Dad grabs hold of the rock and pulls himself up too, and we all stand there at the top of the ridge, looking over miles that separate our golden hills from the variegated blues of the ocean and the sky.
“Look at it,” Ryan says as we catch our breaths. “It feels so faraway, but really it’s right there.” She looks at me then. “You just have to see it—what’s in front of you. The forest for the trees, or the ocean over the hills.”
“Tell us more, O wise Ryan,” Dad says, still out of breath but clearly amused. When did you get so philosophical?”

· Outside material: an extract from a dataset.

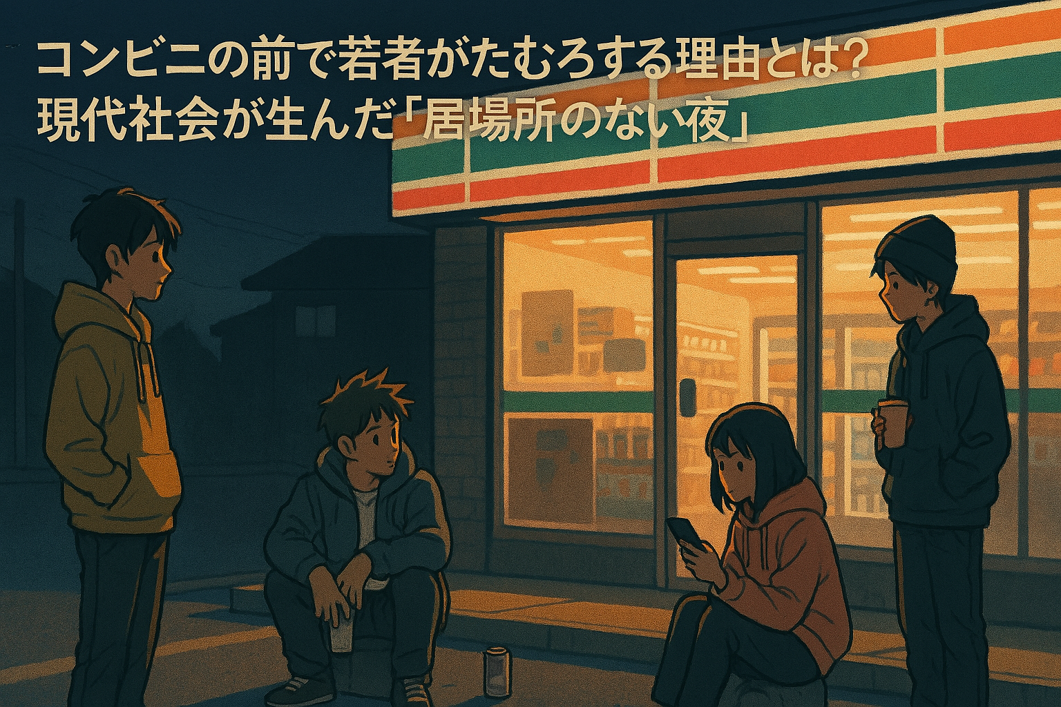 深夜のコンビニの前、缶コーヒーを片手にたむろする若者たち。

Ryan rolls her eyes and nudges him with her elbow. “Last quarter, in philosophy.” Then she turns to us both. “Or . . .” She pauses and looks down at her feet for a moment, then back at our dad. “Either that, or a few days ago, when Ethan broke up with me at the airport,” she says flatly.
“What?” I can’t contain my shock.
“Ouch,” Dad says, wincing for her. “I’m sorry, sweetheart. That must’ve stung.”
“Yeah. But only for a day or two.” She kicks a pebble off the rock, and we all watch as it tumbles down the ridge. “I’m done with that now.”